> Exercise requirements
With pictures removed, the data below should be returned exactly.
[[ Data below, beginning ]]
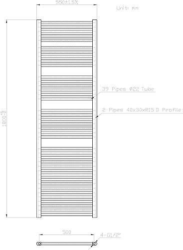 Radiatore termoarredo scaldasalviette cromato 180x55 interasse 50
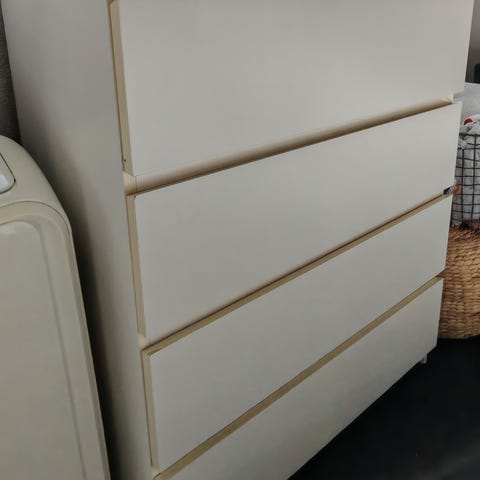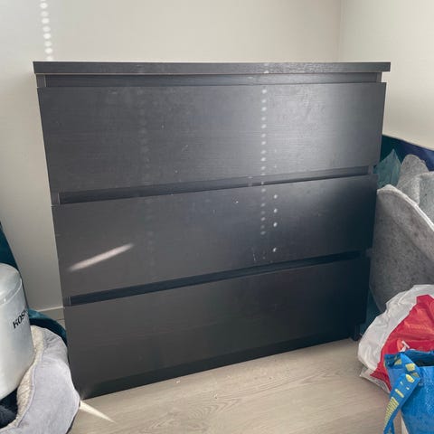 Annetaan Ikean huonokuntoinen Malm-lipasto ja valkoinen päällyslasi. Annetaan ainoastaan pakettina. Kaapin molemmissa ylimmissä laatikoissa on pohjassa vedestä tullut kupruilu ja toisen lipaston yksi laatikon kulma on vaurioitunut. Annetaan tässä kunnossa. Ovat olleet asunnossa, jossa remontoidaan eli varmasti pölyiset ja likaiset. Siivous jää hakijalle.
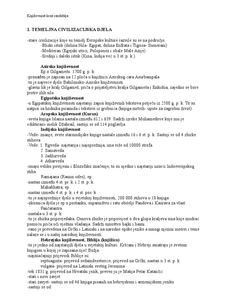 Knjizevnost Kroz Razdoblja
[[ Data below, end ]]
> Problem solution
 Radiatore termoarredo scaldasalviette cromato 180x55 interasse 50
 Annetaan Ikean huonokuntoinen Malm-lipasto ja valkoinen päällyslasi. Annetaan ainoastaan pakettina. Kaapin molemmissa ylimmissä laatikoissa on pohjassa vedestä tullut kupruilu ja toisen lipaston yksi laatikon kulma on vaurioitunut. Annetaan tässä kunnossa. Ovat olleet asunnossa, jossa remontoidaan eli varmasti pölyiset ja likaiset. Siivous jää hakijalle.
 Knjizevnost Kroz Razdoblja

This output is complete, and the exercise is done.